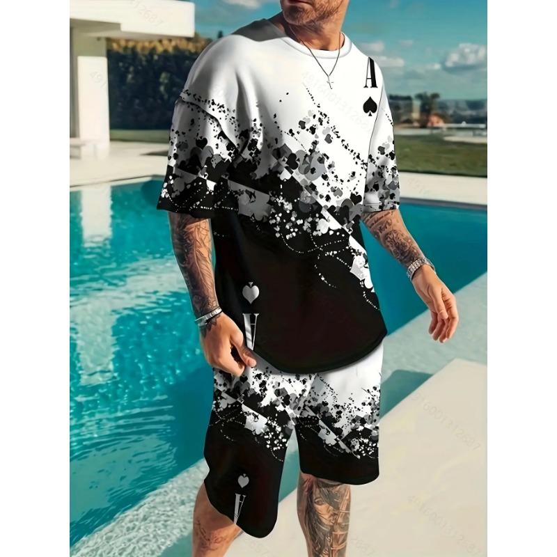 Men's plus size vintage black and white striped athleisure T-shirt shorts set made of polyester
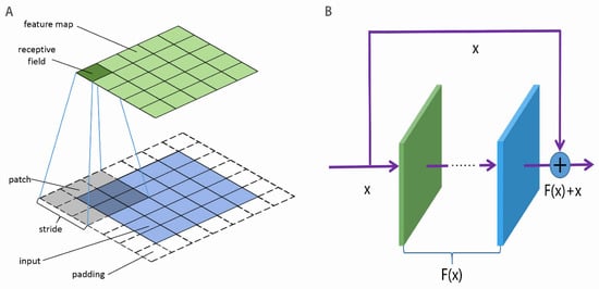 CNN is one of most popular neural network architectures used to construct deep neural network [67,89,90]. The main characteristic of the CNN is to capture the local hidden structure by using convolutional kernels or filters. As shown in Figure 2A, the input is divided into patches, which are convoluted into the feature map by the convolutional kernel. The patches are allowed to overlap, and the interval between adjacent patches is called the stride. All of the patches in the same input share the convolutional kernel which are learnable parameters. To keep the size of the input unchanged, the input is sometimes required to pad. To increase the non-linear ability of the CNN, the activation function is added to the feature map. The activation function includes ReLU, sigmoid, tanh, weakly ReLU, and ELU. The pooling in the CNN is a non-linear down-sampling, whose role is to reduce the dimensionality of representations and to speed up the calculation. In addition, the pooling is able to avoid or decrease the over-fitting issue.
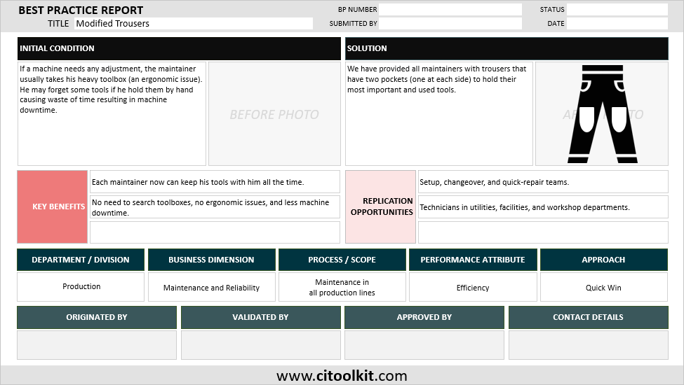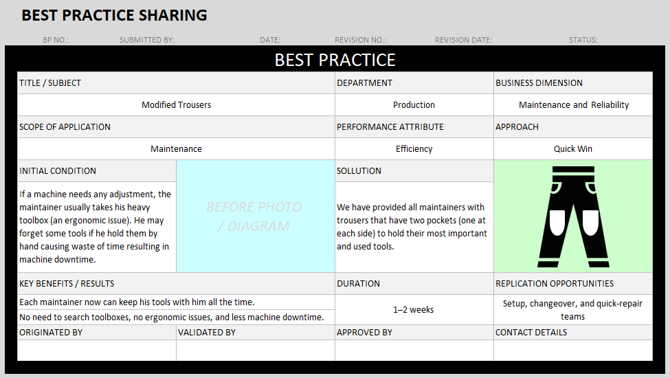 This template is a Microsoft Excel worksheet that can be easily customized to meet your specific needs. For example, you can modify the header to better align with your company’s standards. You may also add extra space or an additional worksheet to include more before-and-after photos or other supporting materials related to the best practice. A Microsoft PowerPoint version is also available.
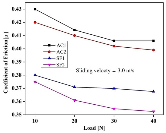 In Figure 8, the relationship between the coefficient of friction (µ) and the applied load at a sliding velocity of 3.0 ms−1 is presented. It was observed that the µ remained almost steady, with a slight decrease over time as the load increased. The results indicate that regardless of the composition, the SF alloys had a lower µ than did the AC alloys. The SF2 alloy in particular had the lowest µ. At a load of 10 N, the SF1 and SF2 alloys exhibited 7% and 4% less µ, respectively, compared to the AC alloys. At a high load of 40 N, the µ of the SF1 and SF2 alloys was 9% and 6% less than that of the AC1 andAC2 alloys, respectively. When the load is low, there is no metal-to-metal contact between the pin and counter surface. Instead, the behavior is influenced by the oxidation process and the adhesion of small protrusions on the contacting surfaces. As the load increases, the µ decreases slightly, which may occur because of metallic contact between the counter face and the pin. This contact leaves no room for imperfections and locks the surface contact area. The slight variation in the µ at higher loads may be attributed to the fact that all alloys contain more aluminum than the alloying elements. At higher loads, the aluminum matrix in the specimens and the counter face come in contact with each other, which determines the effective coefficient of friction.
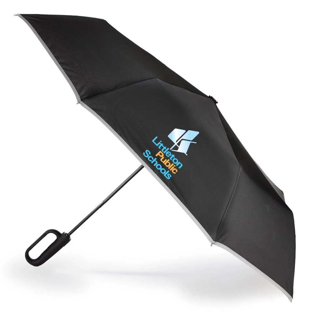 Personalized 46" Umbrella: 8 panels; 46" canopy arc; Fiberglass ribs and frames; Trim reflects street lights and headlights; Push button for one-hand auto open/close; Versatile carabiner handle: easy to grip, clip to a bag, or hang up to dry; Telescoping iron shaft folds for transport; Eco-friendly rPET 190T pongee; PFAS free; C-Zero water-repellent coating (no harmful chemicals); SPF-50 sun protection; High-visibility trim; Matching sleeve included
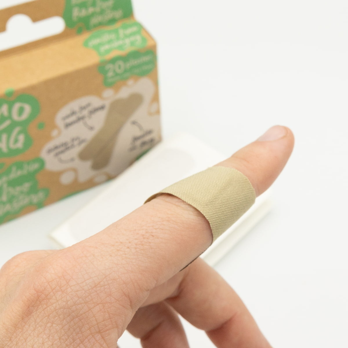 Los apósitos biodegradables y ecológicos están compuestos de un 50% fibra de bambú, 50% pulpa de madera y adhesivo acrílico.
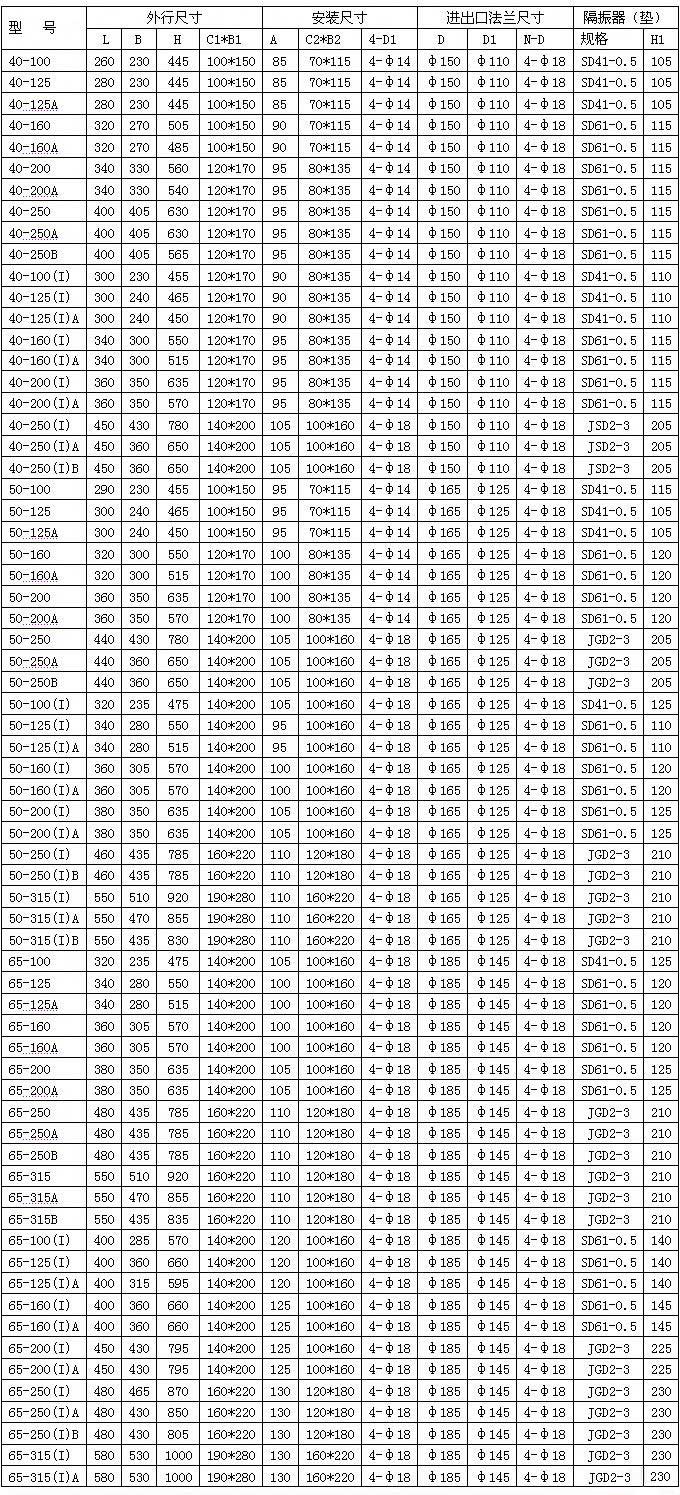 ISG、IRG、GRG、YG、IHG、IHGB型立式管道離心泵性能參數
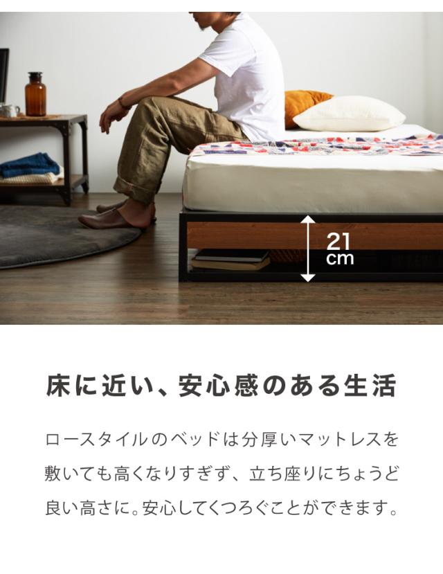 ・木目調とスチールフレームがおしゃれなベッドフレーム
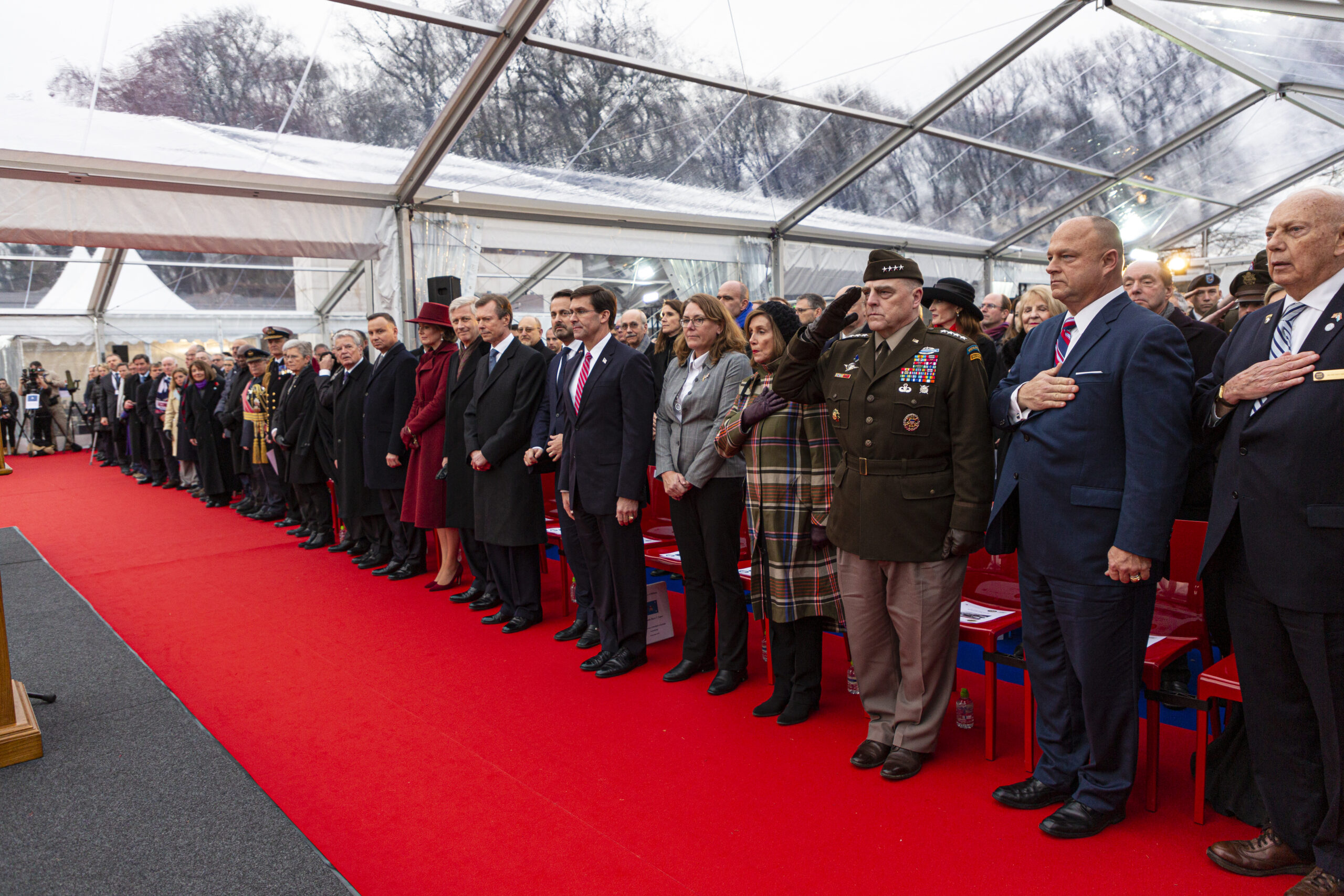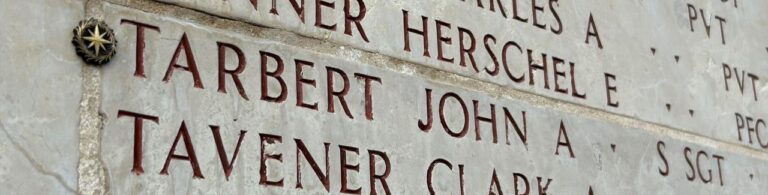 On the lower level of the terrace, two pylons face each other across a quote by Eisenhower about the sacrifice of military service members. The pylons display the battle movements in the western European Operations (on the right) and those related to the Battle of the Bulge (on the left). On the reverse of the maps, 371 names of those missing in action are inscribed. Twenty-three bronze rosettes identify service members who have been recovered since the inscriptions were made and now rest in known graves.
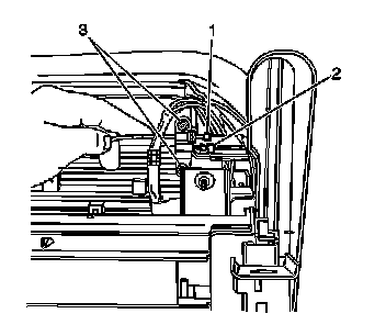 5. Install the fasteners (3) in order to secure the lumbar support cable to the seat cushion frame.

• [WHAT IS EXPECTED]
Your reply must contain each entry exactly as written and no pictures.

• [YOUR SOLUTION]
 Men's plus size vintage black and white striped athleisure T-shirt shorts set made of polyester
 CNN is one of most popular neural network architectures used to construct deep neural network [67,89,90]. The main characteristic of the CNN is to capture the local hidden structure by using convolutional kernels or filters. As shown in Figure 2A, the input is divided into patches, which are convoluted into the feature map by the convolutional kernel. The patches are allowed to overlap, and the interval between adjacent patches is called the stride. All of the patches in the same input share the convolutional kernel which are learnable parameters. To keep the size of the input unchanged, the input is sometimes required to pad. To increase the non-linear ability of the CNN, the activation function is added to the feature map. The activation function includes ReLU, sigmoid, tanh, weakly ReLU, and ELU. The pooling in the CNN is a non-linear down-sampling, whose role is to reduce the dimensionality of representations and to speed up the calculation. In addition, the pooling is able to avoid or decrease the over-fitting issue.
 This template is a Microsoft Excel worksheet that can be easily customized to meet your specific needs. For example, you can modify the header to better align with your company’s standards. You may also add extra space or an additional worksheet to include more before-and-after photos or other supporting materials related to the best practice. A Microsoft PowerPoint version is also available.
 In Figure 8, the relationship between the coefficient of friction (µ) and the applied load at a sliding velocity of 3.0 ms−1 is presented. It was observed that the µ remained almost steady, with a slight decrease over time as the load increased. The results indicate that regardless of the composition, the SF alloys had a lower µ than did the AC alloys. The SF2 alloy in particular had the lowest µ. At a load of 10 N, the SF1 and SF2 alloys exhibited 7% and 4% less µ, respectively, compared to the AC alloys. At a high load of 40 N, the µ of the SF1 and SF2 alloys was 9% and 6% less than that of the AC1 andAC2 alloys, respectively. When the load is low, there is no metal-to-metal contact between the pin and counter surface. Instead, the behavior is influenced by the oxidation process and the adhesion of small protrusions on the contacting surfaces. As the load increases, the µ decreases slightly, which may occur because of metallic contact between the counter face and the pin. This contact leaves no room for imperfections and locks the surface contact area. The slight variation in the µ at higher loads may be attributed to the fact that all alloys contain more aluminum than the alloying elements. At higher loads, the aluminum matrix in the specimens and the counter face come in contact with each other, which determines the effective coefficient of friction.
 Personalized 46" Umbrella: 8 panels; 46" canopy arc; Fiberglass ribs and frames; Trim reflects street lights and headlights; Push button for one-hand auto open/close; Versatile carabiner handle: easy to grip, clip to a bag, or hang up to dry; Telescoping iron shaft folds for transport; Eco-friendly rPET 190T pongee; PFAS free; C-Zero water-repellent coating (no harmful chemicals); SPF-50 sun protection; High-visibility trim; Matching sleeve included
 Los apósitos biodegradables y ecológicos están compuestos de un 50% fibra de bambú, 50% pulpa de madera y adhesivo acrílico.
 ISG、IRG、GRG、YG、IHG、IHGB型立式管道離心泵性能參數
 ・木目調とスチールフレームがおしゃれなベッドフレーム
 On the lower level of the terrace, two pylons face each other across a quote by Eisenhower about the sacrifice of military service members. The pylons display the battle movements in the western European Operations (on the right) and those related to the Battle of the Bulge (on the left). On the reverse of the maps, 371 names of those missing in action are inscribed. Twenty-three bronze rosettes identify service members who have been recovered since the inscriptions were made and now rest in known graves.
 5. Install the fasteners (3) in order to secure the lumbar support cable to the seat cushion frame.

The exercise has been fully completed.